There’s a way to make more delayed worker threads available initially which could be configured as follows:
You can find more information at the following link:
http://msdn.microsoft.com/en-us/library/ee377058(BTS.10).aspx Registry Settings that can be Modified to Improve Operating System Performance
Even though the AdditionalDelayedWorkerThreads registry key was set to a higher value than default, the problem was still in place. Finally it was decided to get a kernel dump to better understand what was going wrong with those Delayed worker threads so that local access was too slow. Before going to the conclusion part, it would be good to state that this local resource access problem was not specific to SQL and could be experienced with any application locally accessing a resource (there were similar issues reported by other customers like “slow performance seen when local applications accessing local web services, databases” etc)

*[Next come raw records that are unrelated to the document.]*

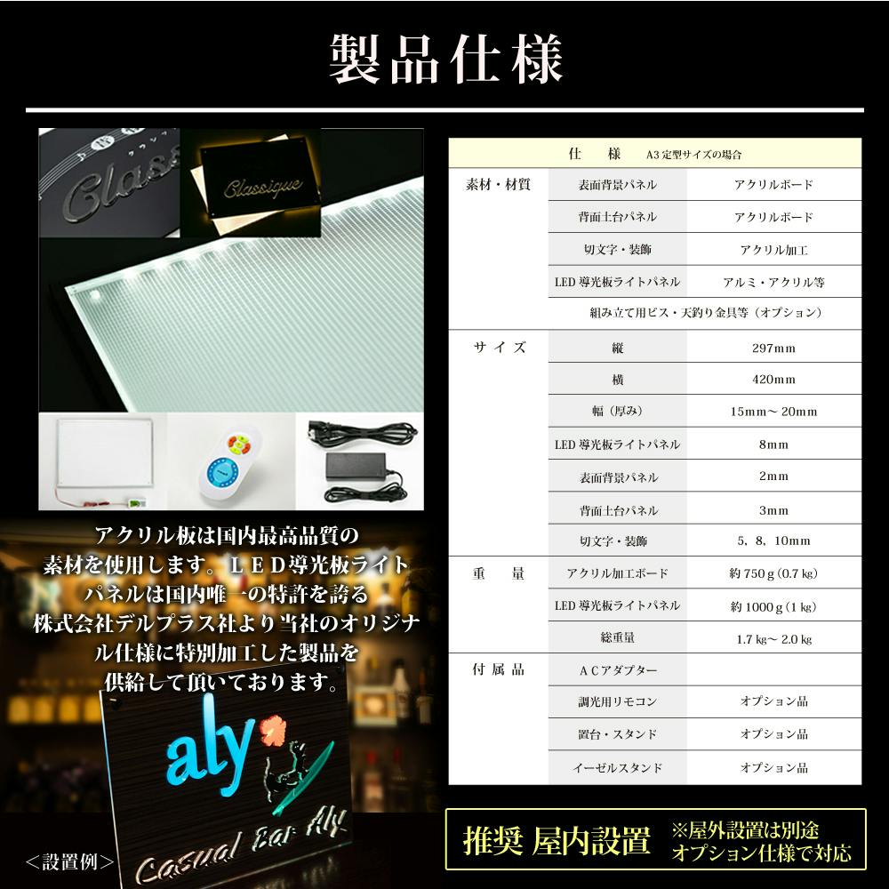 LEDおしゃれART看板はLEDライトパネルとアクリルボードの取り外しが可能!だからアクリルボードだけを別のものに変えて使うこともできます。たとえば、季節ごとに異なるアクリルボードを用意してシーズンごとに切り替えることも。いろんなアクリルボードをつくって時期や場所、シーンなどに応じてお好きなLEDサインを設置できることが魅力です。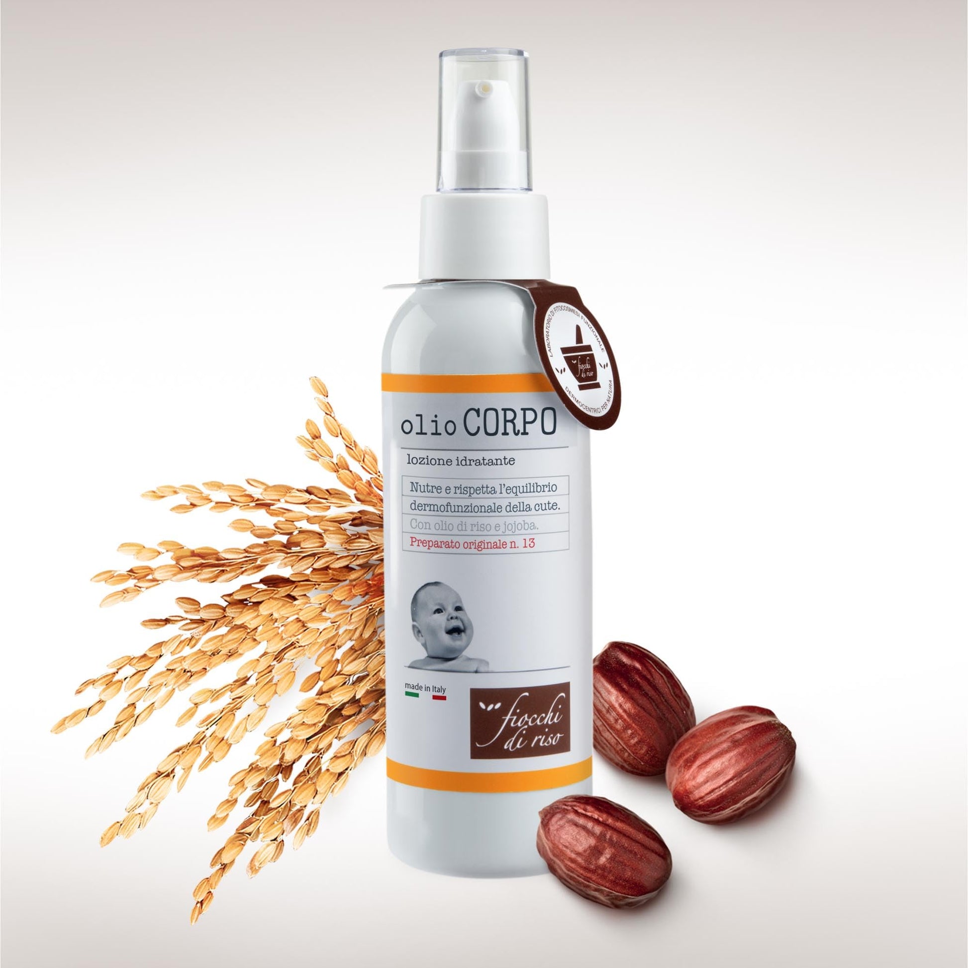 - L’Olio Corpo è il preparato Fiocchi di Riso che rispetta l’equilibrio dermofunzionale della pelle.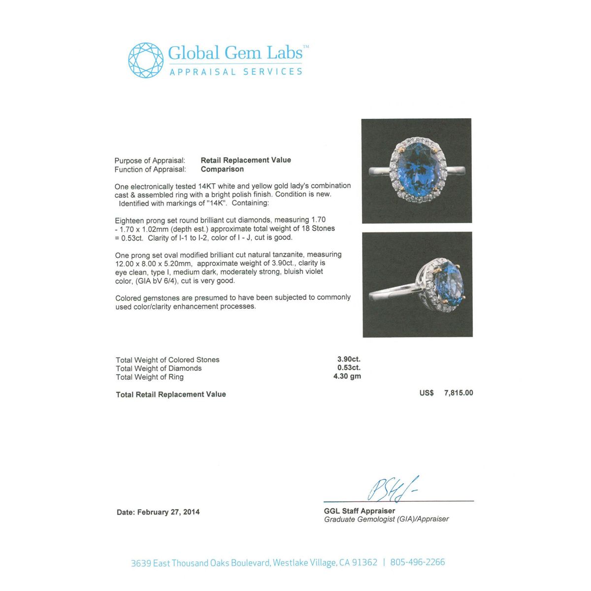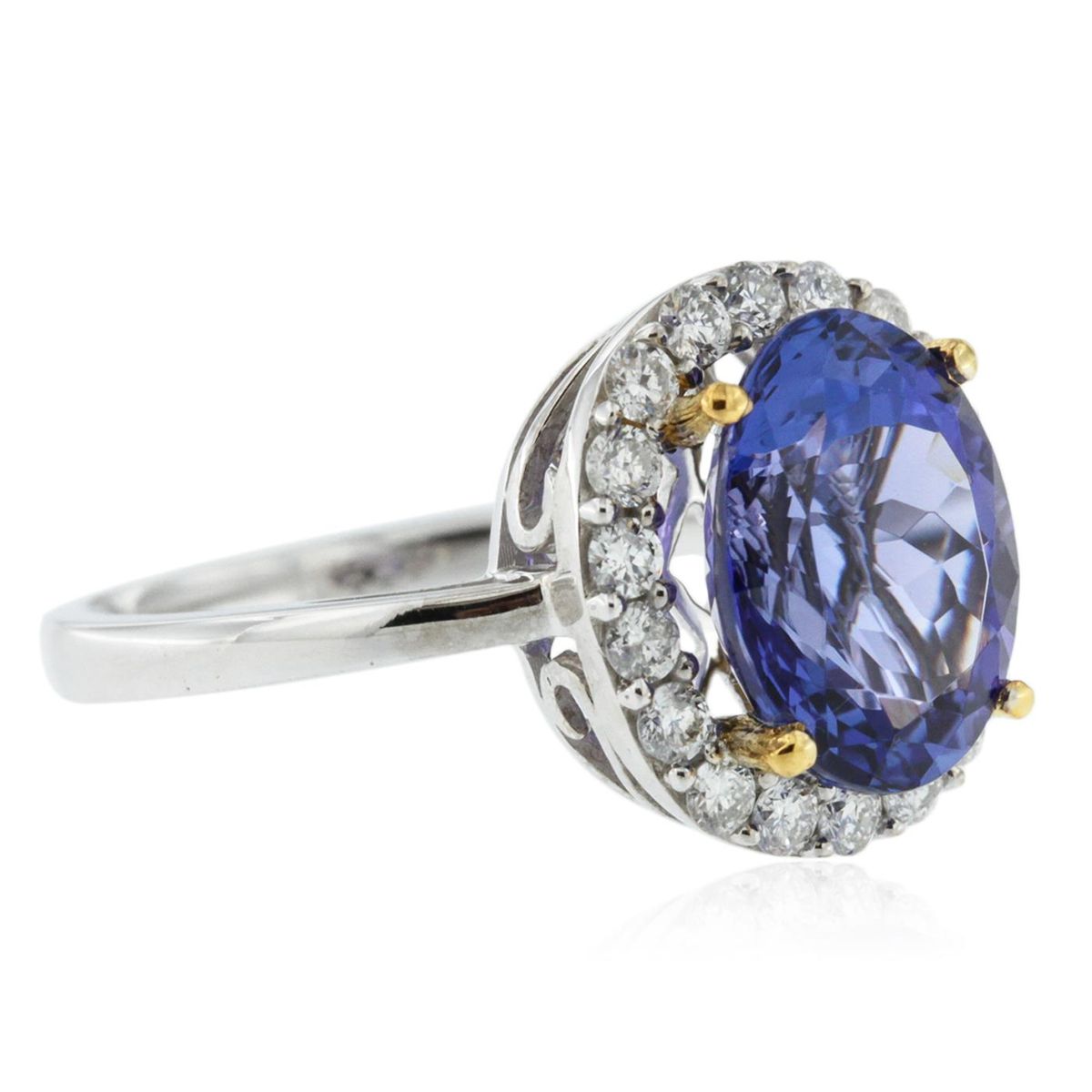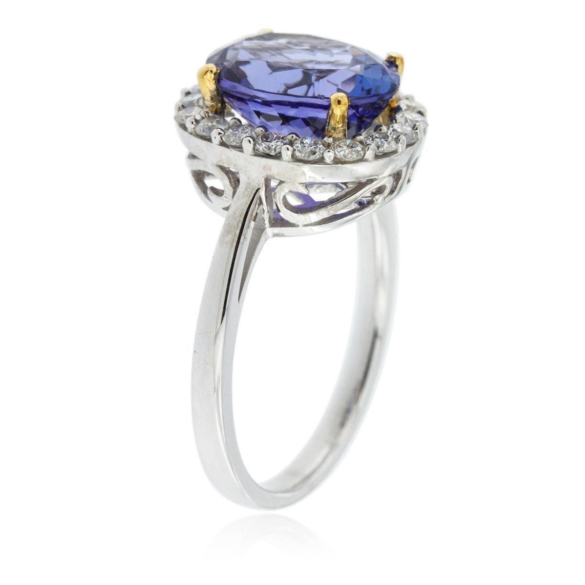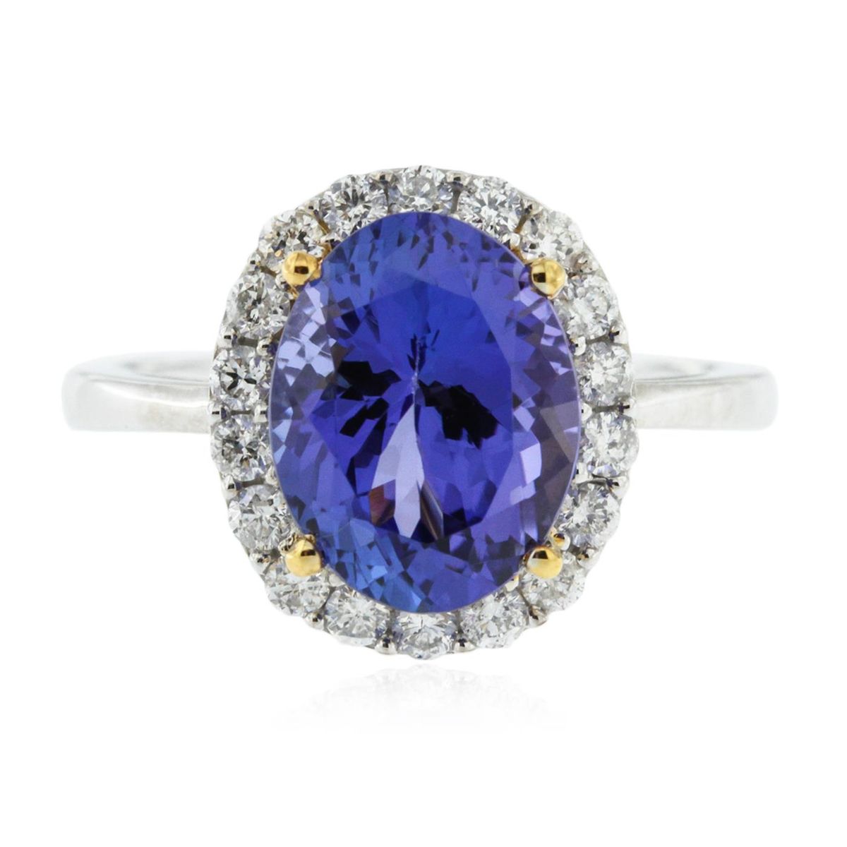 One electronically tested 14KT white and yellow gold Ladies combination cast & assembled ring with a bright polish finish. Condition is new. Identified with markings of "14K". Containing: Eighteen prong set round brilliant cut diamonds, measuring 1.70 - 1.70 x 1.02mm (depth est.) approximate. Total Weight of 18 Stones = 0.53ct. Clarity: I-1 to I-2. Color: I - J, Cut is Good. One prong set oval modified brilliant cut natural tanzanite, measuring 12.00 x 8.00 x 5.20mm, approximate weight of 3.90ct., clarity is eye clean, type I, medium dark, moderately strong, bluish violet color, (GIA bV 6/4), cut is very good. Colored gemstones are presumed to have been subjected to commonly used color/clarity enhancement processes. Total Weight of Colored Stones 3.90ct. Total Weight of Diamonds 0.53ct. Total Weight of Ring 4.30 grams. GGL Appraised at $7,815.00.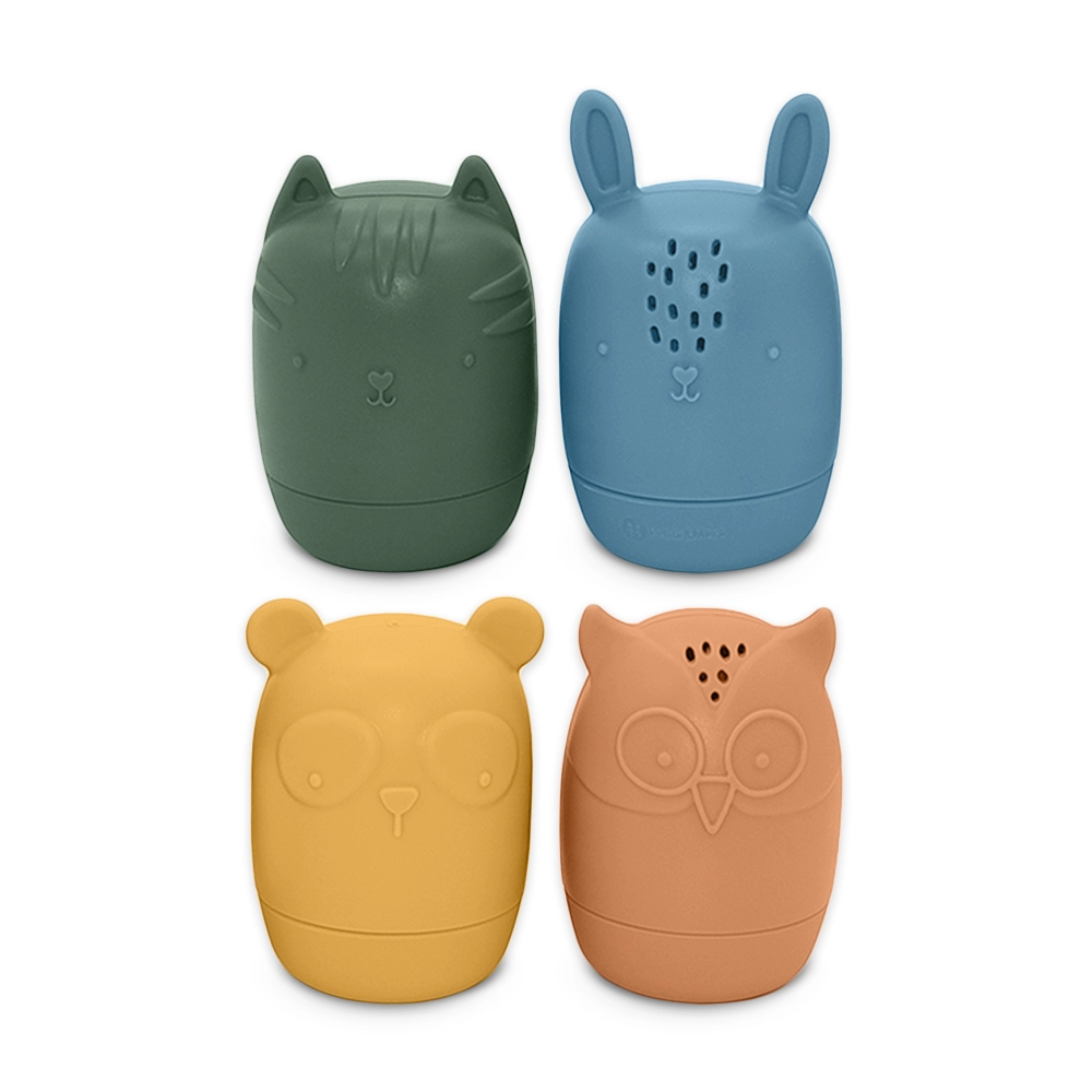 Odkryj urocze silikonowe zabawki do wody Petite&Mars Amigos – zestaw czterech zwierzątek (sowa, zając, kot i panda), które dzieci pokochają. Są miękkie, leciutkie i wykonane w 100% z silikonu do kontaktu z żywnością, bez BPA. Dzięki otworom do nabierania i spryskiwania wody zamienią kąpiel w zabawną i sensoryczną aktywność, wspierając przy tym motorykę małą. Można je łatwo rozłożyć i wyczyścić – idealne do wanny, basenu i w podróży.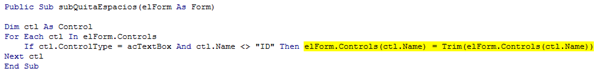 Public Sub subQuitaEspacios(elForm As Form) Dim ctl As Control For Each ctl In elForm.Controls If ctl.ControlType = acTextBox And ctl.Name <> "IDLIBRO" Then elForm.Controls(ctl.Name) = Trim(elForm.Controls(ctl.Name)) Next ctl End Sub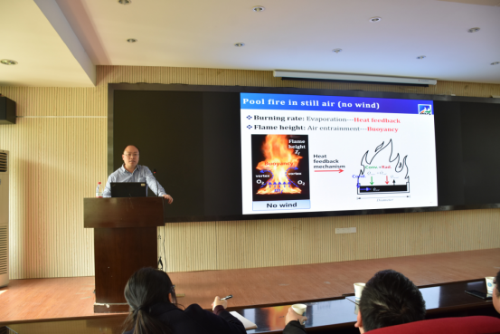 胡隆华教授的报告围绕“环境风作用下火灾燃烧与火焰行为”开展。他简述了环境风这一特殊边界条件下火灾的潜在威胁,指出风环境可能增强火灾过程中的受迫对流,诱发更大尺寸的火灾/火蔓延行为;重点剖析了液体、气体、固体燃料在风环境下的燃烧现象与行为,介绍了火灾燃烧速率、火焰辐射力、火焰推举高度、临界吹熄等特征参数在不同风速和环境压力条件下的发展规律,揭示了其中的复杂燃烧模型与传热模型;结合现阶段研究,提出了风环境、微重力、低氧低压等多种特殊边界条件下火灾燃烧的前沿科学挑战。会后,胡隆华教授与参会师生展开了相关科研经验的分享与交流,并由毛少华特任研究员对报告会进行了总结发言。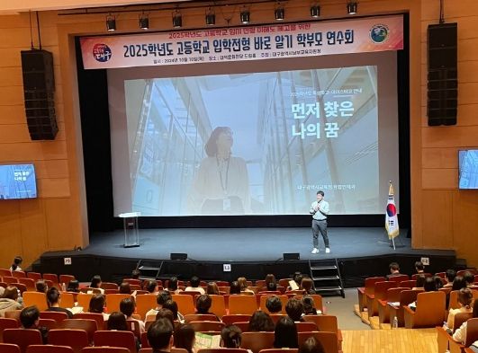 (아름다운교육신문) 대구남부교육지원청은 지난 10월 10일, 대덕문화전당 드림홀에서 관내 34개교에 재학 중인 중학교 3학년 학생 학부모 200여 명을 대상으로 ‘2025학년도 고등학교 입학전형 이해도 제고를 위한 연수회’를 개최했다.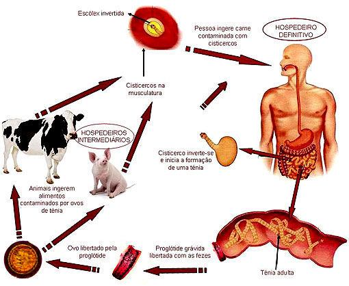 A teníase se dsenvolve pela ingestão de carnes cruas de

Finally a kernel dump has revealed the real problem why the delayed worker threads couldn’t catch up with the work items being posted:
A 3rd party Firewall driver was posting many delayed work items and delayed worker threads processing these work items were all trying to synchronize on the same executive resource (which was apparently a contention point) and hence the system was hitting the ceiling for the number of worker threads quickly so that new items couldn’t processed in a timely manner and local resource access was being too slow. I just wanted to give a sample call stack for one of those delayed worker threads for your reference:
THREAD fffffaee4460aaf0 Cid 0004.0044 Teb: 0000000000000000 Win32Thread: 0000000000000000 WAIT: (WrResource) KernelMode Non-Alertable
Owning Process fffffadc44622040 Image: System
Attached Process N/A Image: N/A
Wait Start TickCount 294068 Ticks: 6 (0:00:00:00.093)
Context Switch Count 200681
Start Address nt!ExpWorkerThread (0xfffff800010039f0)
Stack Init fffffadc1f1c1e00 Current fffffadc1f1c1950
Base fffffadc1f1c2000 Limit fffffadc1f1bc000 Call 0
Priority 13 BasePriority 12 PriorityDecrement 1
Child-SP RetAddr : Args to Child : Call Site
fffffadc`1f1c1990 fffff800`01027682 : fffffadc`1edcb910 fffffadc`1edeb180 00000000`0000000b fffffadc`1ed2b180 : nt!KiSwapContext+0x85
fffffadc`1f1c1b10 fffff800`0102828e : 0000000a`b306fa71 fffff800`011b4dc0 fffffadc`44605c88 fffffadc`44605bf0 : nt!KiSwapThread+0x3c9
fffffadc`1f1c1b70 fffff800`01047688 : 00000000`000000d4 fffffadc`0000001b fffffadc`1edeb100 fffffadc`1edeb100 : nt!KeWaitForSingleObject+0x5a6
fffffadc`1f1c1bf0 fffff800`01047709 : 00000000`00000000 fffffadc`167a6c70 fffffadf`fbc44a00 fffff800`01024d4a : nt!ExpWaitForResource+0x48
fffffadc`1f1c1c60 fffffadc`167a720b : fffffadc`3d41fc20 fffffadc`167a6c70 fffffadc`44605bf0 fffffadc`3d3deef8 : nt!ExAcquireResourceExclusiveLite+0x1ab
fffffadc`1f1c1c90 fffffadc`167a6c87 : 00000000`00000001 fffffadf`fbc44a00 fffff800`011cda18 fffffadc`44605bf0 : XYZ+0x1220b
fffffadc`1f1c1cd0 fffff800`010375ca : 00000000`00000000 fffffadc`1d6f7001 00000000`00000000 fffffadf`fbc44a00 : XYZ+0x11c87
fffffadc`1f1c1d00 fffff800`0124a972 : fffffadc`44605bf0 00000000`00000080 fffffadc`44605bf0 fffffadc`1edf3680 : nt!ExpWorkerThread+0x13b
fffffadc`1f1c1d70 fffff800`01020226 : fffffadc`1edeb180 fffffadc`44605bf0 fffffadc`1edf3680 00000000`00000000 : nt!PspSystemThreadStartup+0x3e
fffffadc`1f1c1dd0 00000000`00000000 : 00000000`00000000 00000000`00000000 00000000`00000000 00000000`00000000 : nt!KxStartSystemThread+0x16
Note: The driver name was removed on purpose.
After the problem with the 3rd party Firewall driver was addressed, the issue was resolved. Also thanks to Ignacio J who driven this case from a technical perspective and shared the resolution details with us.
Hope this helps in your similar problems.